| Action item |
From the entries below, return every line that includes the word "морского".

| Source information |
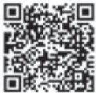
ウォーターセーフティガイド

カヌー、SUP(スタンドアップパドル)、ミニボート、水上オートバイや遊泳などのウォーターアクティビティについて、誰もが安全に安心して楽しむために知って欲しい情報をまとめた総合安全情報サイトです。
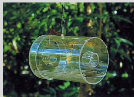
Figure 15. Piège Steiner classique.
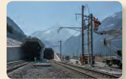
Pie de foto / Caption

The lecture and the exhibition are the result of the relations built by the DRRII with strategic partners, which have enabled it to conduct cooperation activities that make an impact on the internationalization of the UPC's substantive functions. The exhibition was a local internationalization activity that allowed the UPC community to have access to knowledge from the globalized world, which contributes to the comprehensive education of the students and has impact on social outreach.
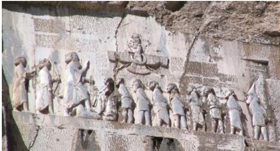
Slika 3. Behistunska stijena - ključ za odgonetavanje klinastog pisma

u Babilonu, Lagašu, Nippuru..., ali su Ninive prvo mjesto u kojima je pronađena cijela knjižnica. 29
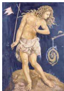
河野通勢「聖ヨハネ」1918年頃
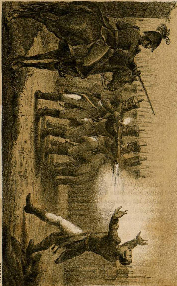
FUSILAMIENTO DE ITURBIDE.
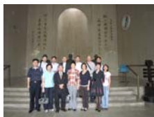
廈門市政府考察團合影
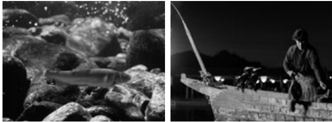
長良川の鮎と鵜飼の様子

長良川に生息する生物や鵜飼などの伝統漁法に関するパネルのほか、美濃和紙や和傘など水とつながる伝統工芸品などの展示をとおして、世界に誇る清流長良川の豊かな自然と独特な文化を紹介します。
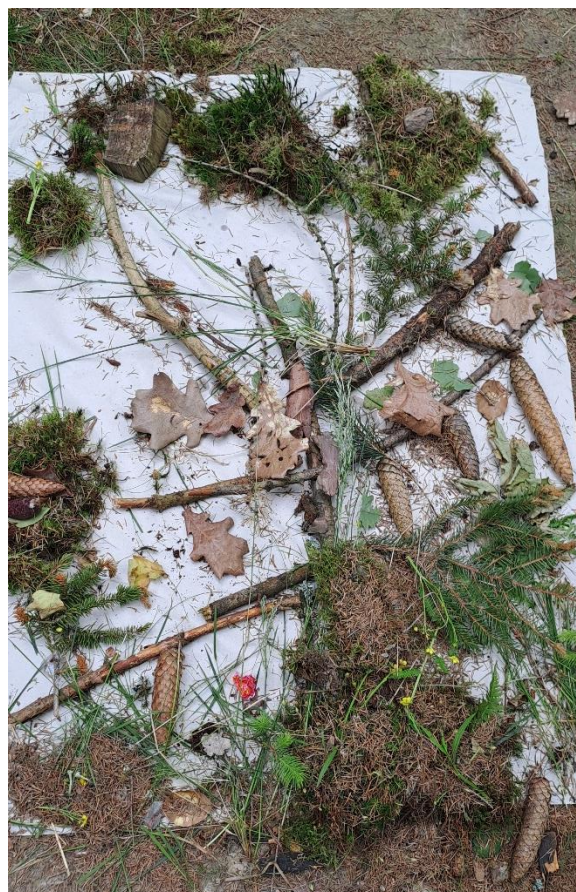
obr. 39 (výsledek „Strom s nebesy“)
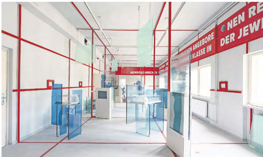
Zeitzeugnisse. Blick in einen der neu gestalteten Räume der multimedialen Dauerausstellung.
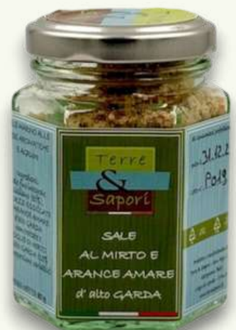
Sale al Mirto e Arance Amare Vasetto in vetro gr. 80
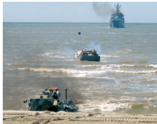
Высадка морского десанта на побережье.

Морским пехотинцам противостояли подразделения армейского корпуса Балтийского флота. В ходе учения личный состав мотострелковых подразделений, имитировавший условного противника, был поднят по тревоге и совершил марш в район предполагаемой высадки морского десанта. По прибытию на место пехотинцы выполнили задачи по подготовке местности к противодесантной обороне и инженерному оборудованию позиций.
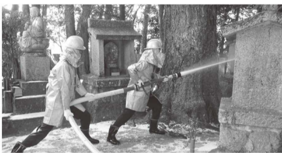
火元へ向けていざ放水

文化財防火デーの普及を目的に、洲本消防署と連携して林野火災防衛訓練を実施しました。訓練では中継送水訓練及び兵庫県消防防災航空隊によるヘリの散水訓練も行われました。
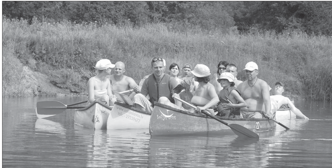
Laivotāji bauda neskartās dabas mieru.

Bariņš priekulnieku pēc aktīvāko Priekules prātu "Priekules velokluba" iniciatīvas devās divu dienu laivu izbraucienā ar kanoe laivām pa Rindu un Irbi 23. un 24. jūlijā.

| Result of the task |
Высадка морского десанта на побережье.
Морским пехотинцам противостояли подразделения армейского корпуса Балтийского флота. В ходе учения личный состав мотострелковых подразделений, имитировавший условного противника, был поднят по тревоге и совершил марш в район предполагаемой высадки морского десанта. По прибытию на место пехотинцы выполнили задачи по подготовке местности к противодесантной обороне и инженерному оборудованию позиций.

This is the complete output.